_INSTRUCTIONS FOR THE TASK_
In the material below, find the line containing "1年生最後の音楽は、「『こい" and the line containing "EWF Datejust 36", then reproduce exactly both of them and every line between, and nothing else.

_GIVEN DATA_
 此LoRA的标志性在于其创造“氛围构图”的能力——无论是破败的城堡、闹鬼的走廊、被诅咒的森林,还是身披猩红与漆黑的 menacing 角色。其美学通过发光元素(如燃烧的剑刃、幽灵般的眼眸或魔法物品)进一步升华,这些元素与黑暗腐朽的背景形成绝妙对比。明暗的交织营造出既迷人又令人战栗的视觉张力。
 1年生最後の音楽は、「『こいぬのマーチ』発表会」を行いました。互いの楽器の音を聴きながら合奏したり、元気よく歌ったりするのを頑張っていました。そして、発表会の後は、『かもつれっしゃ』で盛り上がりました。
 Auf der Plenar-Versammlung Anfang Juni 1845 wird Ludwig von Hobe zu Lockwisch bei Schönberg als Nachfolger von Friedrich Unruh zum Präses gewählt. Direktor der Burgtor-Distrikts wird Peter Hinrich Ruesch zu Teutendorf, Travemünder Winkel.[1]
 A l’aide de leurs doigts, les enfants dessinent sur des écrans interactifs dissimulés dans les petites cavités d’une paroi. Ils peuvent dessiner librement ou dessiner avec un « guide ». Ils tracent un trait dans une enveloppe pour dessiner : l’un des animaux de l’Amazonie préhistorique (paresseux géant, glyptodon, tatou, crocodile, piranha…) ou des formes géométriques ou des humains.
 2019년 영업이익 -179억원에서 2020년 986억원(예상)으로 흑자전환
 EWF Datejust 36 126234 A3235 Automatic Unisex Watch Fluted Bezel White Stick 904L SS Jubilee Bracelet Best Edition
...
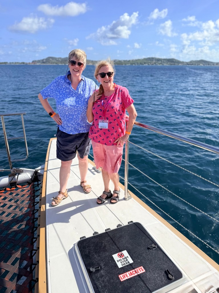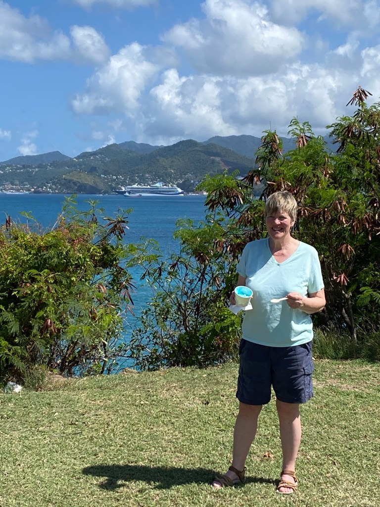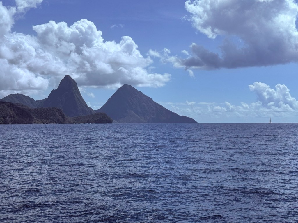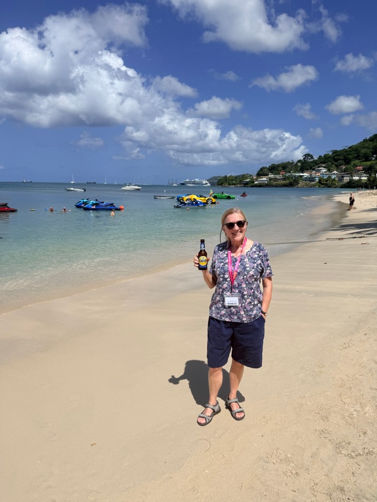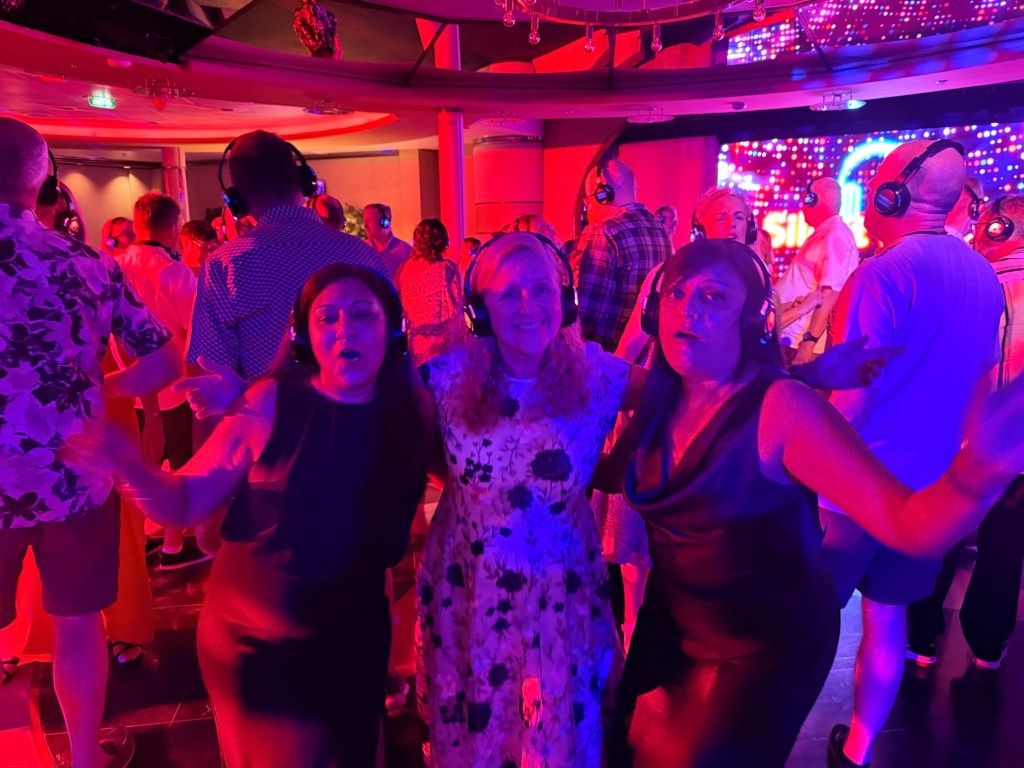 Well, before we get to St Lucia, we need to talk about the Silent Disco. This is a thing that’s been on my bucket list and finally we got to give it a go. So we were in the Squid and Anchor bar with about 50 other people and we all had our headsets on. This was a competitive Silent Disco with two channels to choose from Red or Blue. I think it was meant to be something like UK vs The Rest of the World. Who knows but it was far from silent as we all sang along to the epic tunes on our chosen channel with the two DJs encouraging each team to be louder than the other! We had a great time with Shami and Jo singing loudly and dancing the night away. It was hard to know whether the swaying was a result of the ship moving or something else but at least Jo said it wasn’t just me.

_THE ANSWER_
 1年生最後の音楽は、「『こいぬのマーチ』発表会」を行いました。互いの楽器の音を聴きながら合奏したり、元気よく歌ったりするのを頑張っていました。そして、発表会の後は、『かもつれっしゃ』で盛り上がりました。
 Auf der Plenar-Versammlung Anfang Juni 1845 wird Ludwig von Hobe zu Lockwisch bei Schönberg als Nachfolger von Friedrich Unruh zum Präses gewählt. Direktor der Burgtor-Distrikts wird Peter Hinrich Ruesch zu Teutendorf, Travemünder Winkel.[1]
 A l’aide de leurs doigts, les enfants dessinent sur des écrans interactifs dissimulés dans les petites cavités d’une paroi. Ils peuvent dessiner librement ou dessiner avec un « guide ». Ils tracent un trait dans une enveloppe pour dessiner : l’un des animaux de l’Amazonie préhistorique (paresseux géant, glyptodon, tatou, crocodile, piranha…) ou des formes géométriques ou des humains.
 2019년 영업이익 -179억원에서 2020년 986억원(예상)으로 흑자전환
 EWF Datejust 36 126234 A3235 Automatic Unisex Watch Fluted Bezel White Stick 904L SS Jubilee Bracelet Best Edition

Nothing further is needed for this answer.